About this exercise:
From the entries below, print exactly the span beginning with the line holding "Колбаску фуэт так" and ending with the line holding "وروى ابن أبي", endpoints included, and skip any pictures.

Information given:
━━━━━━

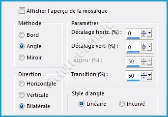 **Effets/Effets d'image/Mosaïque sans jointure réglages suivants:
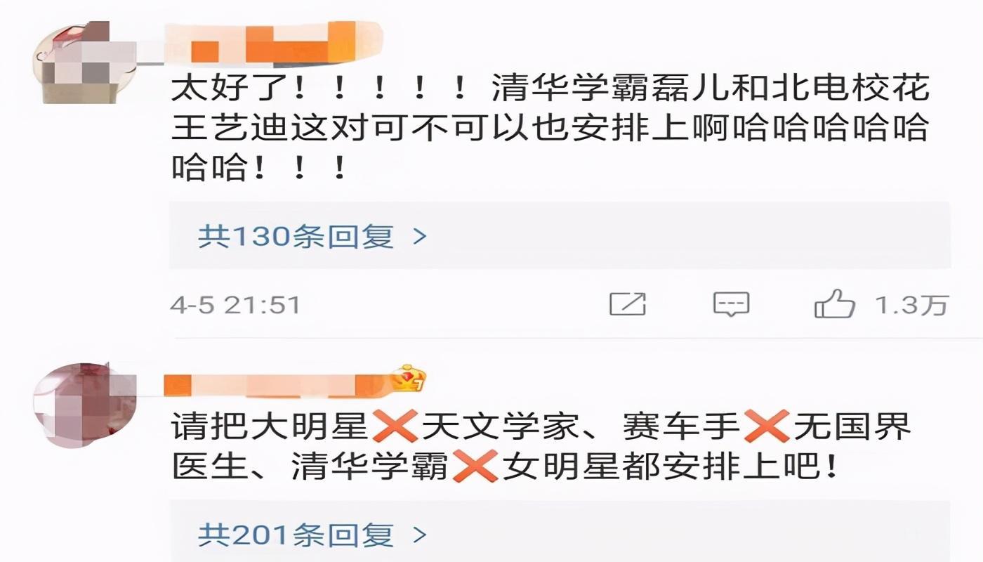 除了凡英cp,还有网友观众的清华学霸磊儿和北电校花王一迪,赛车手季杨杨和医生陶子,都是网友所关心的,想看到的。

━━━━━━

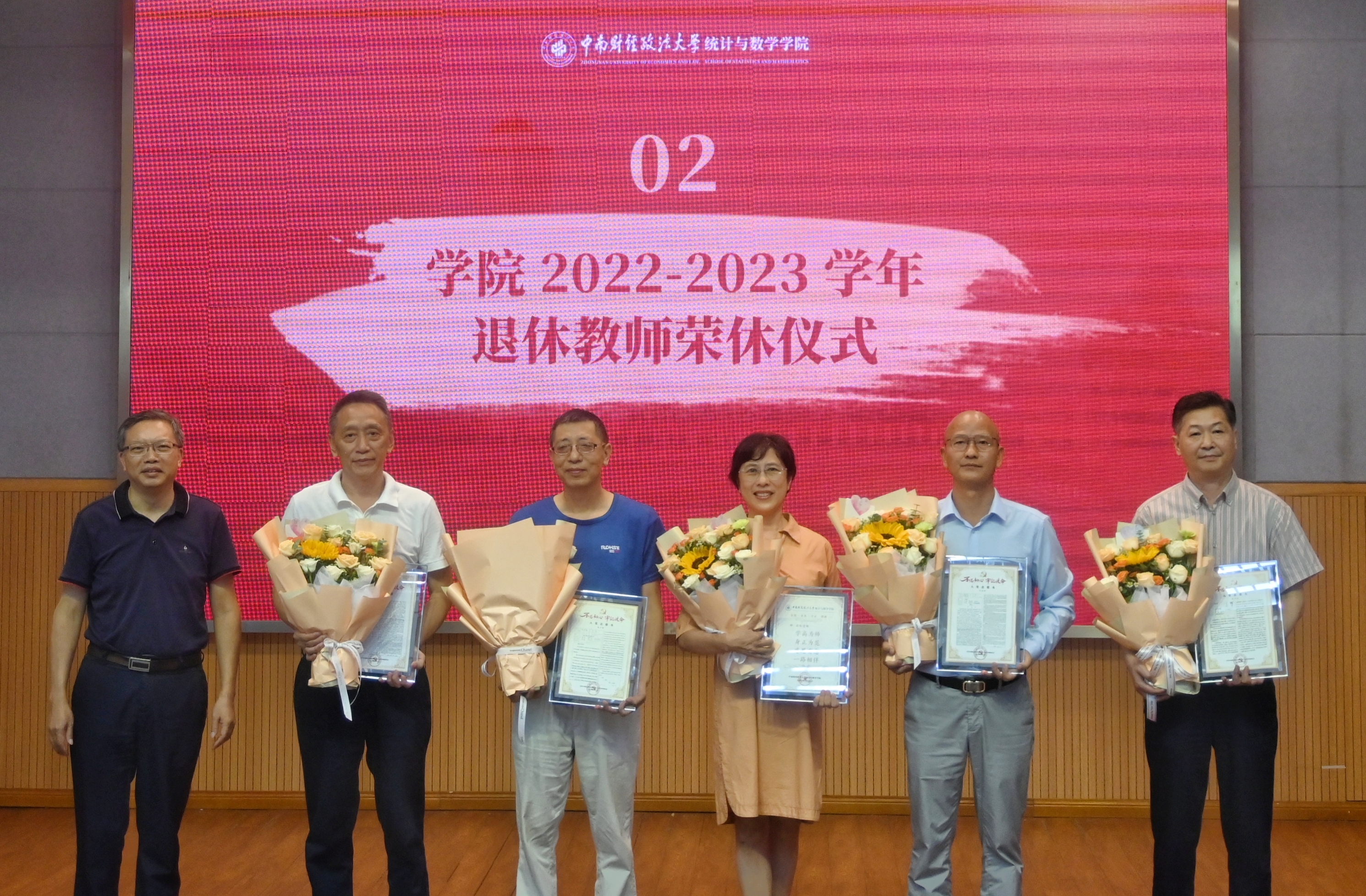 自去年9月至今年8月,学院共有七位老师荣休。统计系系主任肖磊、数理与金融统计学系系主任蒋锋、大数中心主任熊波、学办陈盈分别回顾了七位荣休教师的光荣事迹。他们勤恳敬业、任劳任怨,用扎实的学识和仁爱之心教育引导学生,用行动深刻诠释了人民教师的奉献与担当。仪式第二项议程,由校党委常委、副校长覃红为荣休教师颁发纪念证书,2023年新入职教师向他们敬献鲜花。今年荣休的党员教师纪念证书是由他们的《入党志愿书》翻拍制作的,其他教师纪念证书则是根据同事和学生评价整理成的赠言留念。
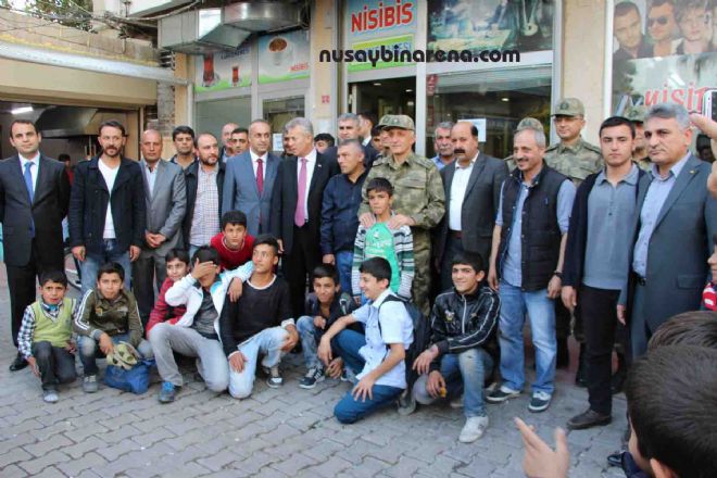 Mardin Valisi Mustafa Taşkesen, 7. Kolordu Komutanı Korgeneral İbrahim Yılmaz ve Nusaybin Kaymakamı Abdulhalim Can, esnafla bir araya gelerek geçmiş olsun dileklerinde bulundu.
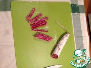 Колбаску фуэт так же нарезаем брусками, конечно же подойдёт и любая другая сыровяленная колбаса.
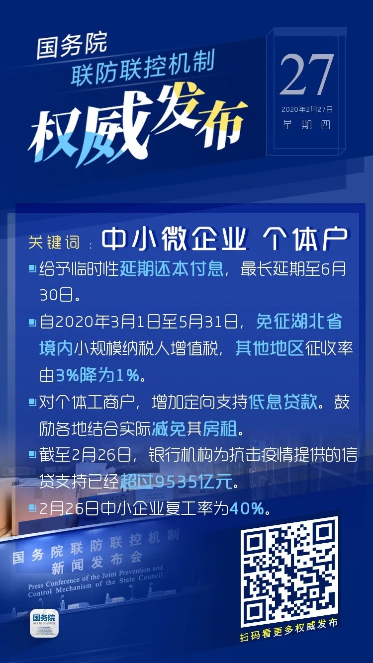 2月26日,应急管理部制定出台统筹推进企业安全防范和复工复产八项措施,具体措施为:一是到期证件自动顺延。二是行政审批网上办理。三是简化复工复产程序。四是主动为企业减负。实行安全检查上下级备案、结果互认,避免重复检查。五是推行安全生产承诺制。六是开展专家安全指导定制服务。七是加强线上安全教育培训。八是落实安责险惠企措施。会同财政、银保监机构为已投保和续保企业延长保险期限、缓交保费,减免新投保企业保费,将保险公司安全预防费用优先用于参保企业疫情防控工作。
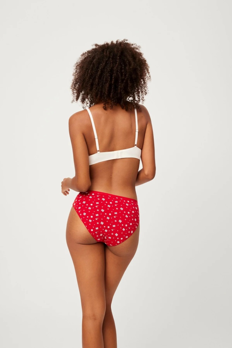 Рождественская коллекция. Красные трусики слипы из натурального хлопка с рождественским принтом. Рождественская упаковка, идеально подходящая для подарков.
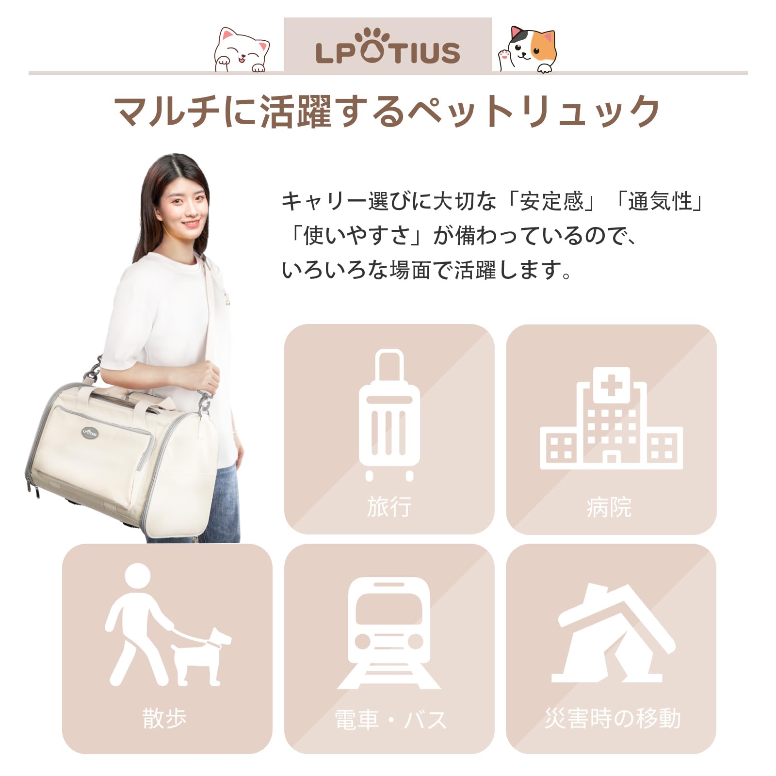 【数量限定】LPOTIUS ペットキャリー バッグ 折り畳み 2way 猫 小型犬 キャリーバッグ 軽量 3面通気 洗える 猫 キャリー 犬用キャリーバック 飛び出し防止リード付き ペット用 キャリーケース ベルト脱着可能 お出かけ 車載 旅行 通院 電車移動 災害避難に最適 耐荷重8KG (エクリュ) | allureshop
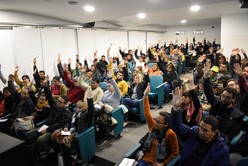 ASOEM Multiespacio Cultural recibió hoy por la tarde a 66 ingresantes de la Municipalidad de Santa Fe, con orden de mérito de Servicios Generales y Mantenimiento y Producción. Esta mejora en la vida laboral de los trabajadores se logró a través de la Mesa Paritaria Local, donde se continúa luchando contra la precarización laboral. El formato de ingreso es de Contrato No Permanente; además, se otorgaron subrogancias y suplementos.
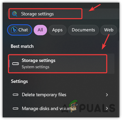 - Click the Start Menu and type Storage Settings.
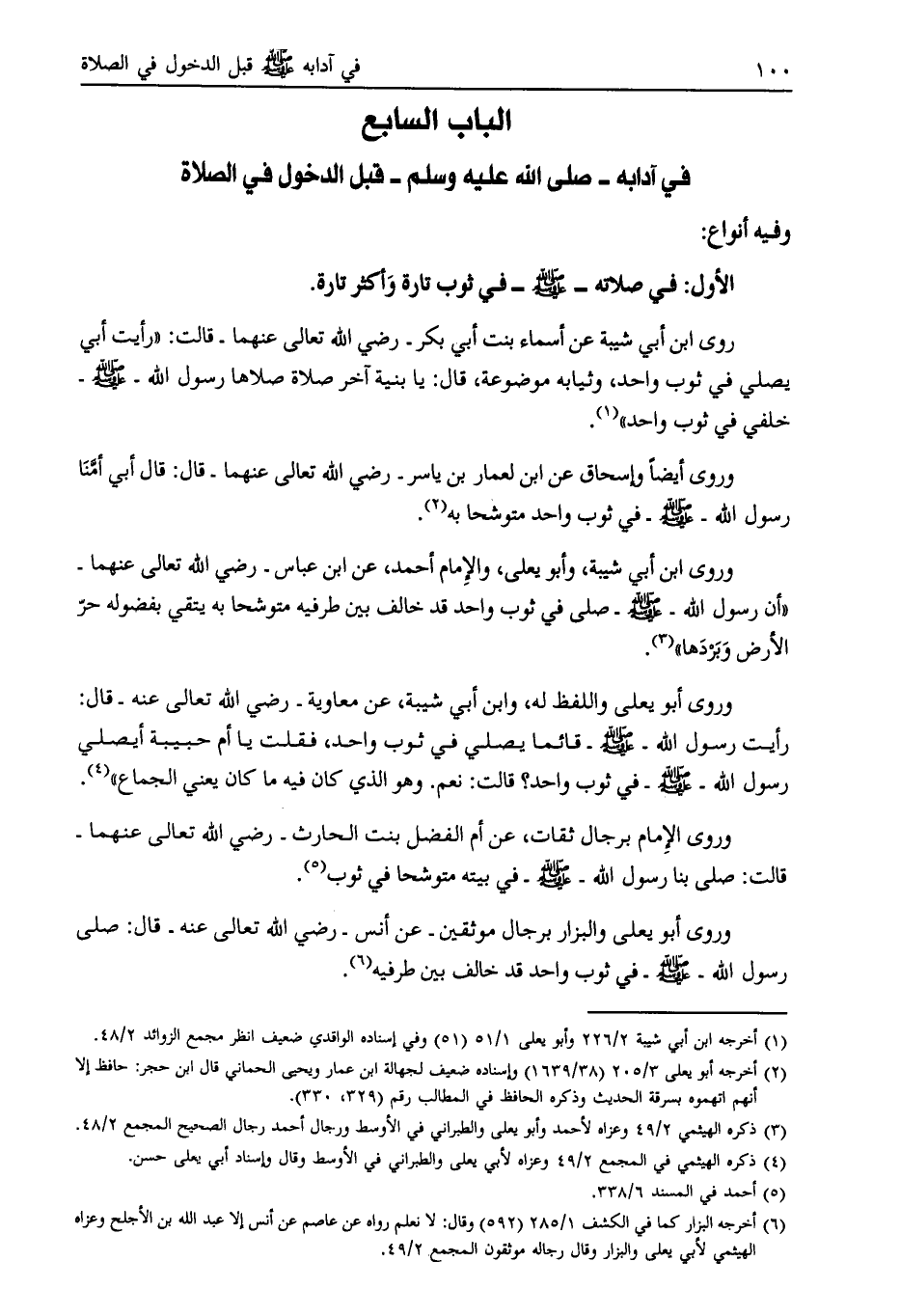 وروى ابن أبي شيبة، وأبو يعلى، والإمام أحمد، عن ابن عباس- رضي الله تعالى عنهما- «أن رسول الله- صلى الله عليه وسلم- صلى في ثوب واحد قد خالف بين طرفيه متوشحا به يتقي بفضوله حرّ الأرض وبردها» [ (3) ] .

━━━━━━

Exercise solution:
 Колбаску фуэт так же нарезаем брусками, конечно же подойдёт и любая другая сыровяленная колбаса.
 2月26日,应急管理部制定出台统筹推进企业安全防范和复工复产八项措施,具体措施为:一是到期证件自动顺延。二是行政审批网上办理。三是简化复工复产程序。四是主动为企业减负。实行安全检查上下级备案、结果互认,避免重复检查。五是推行安全生产承诺制。六是开展专家安全指导定制服务。七是加强线上安全教育培训。八是落实安责险惠企措施。会同财政、银保监机构为已投保和续保企业延长保险期限、缓交保费,减免新投保企业保费,将保险公司安全预防费用优先用于参保企业疫情防控工作。
 Рождественская коллекция. Красные трусики слипы из натурального хлопка с рождественским принтом. Рождественская упаковка, идеально подходящая для подарков.
 【数量限定】LPOTIUS ペットキャリー バッグ 折り畳み 2way 猫 小型犬 キャリーバッグ 軽量 3面通気 洗える 猫 キャリー 犬用キャリーバック 飛び出し防止リード付き ペット用 キャリーケース ベルト脱着可能 お出かけ 車載 旅行 通院 電車移動 災害避難に最適 耐荷重8KG (エクリュ) | allureshop
 ASOEM Multiespacio Cultural recibió hoy por la tarde a 66 ingresantes de la Municipalidad de Santa Fe, con orden de mérito de Servicios Generales y Mantenimiento y Producción. Esta mejora en la vida laboral de los trabajadores se logró a través de la Mesa Paritaria Local, donde se continúa luchando contra la precarización laboral. El formato de ingreso es de Contrato No Permanente; además, se otorgaron subrogancias y suplementos.
 - Click the Start Menu and type Storage Settings.
 وروى ابن أبي شيبة، وأبو يعلى، والإمام أحمد، عن ابن عباس- رضي الله تعالى عنهما- «أن رسول الله- صلى الله عليه وسلم- صلى في ثوب واحد قد خالف بين طرفيه متوشحا به يتقي بفضوله حرّ الأرض وبردها» [ (3) ] .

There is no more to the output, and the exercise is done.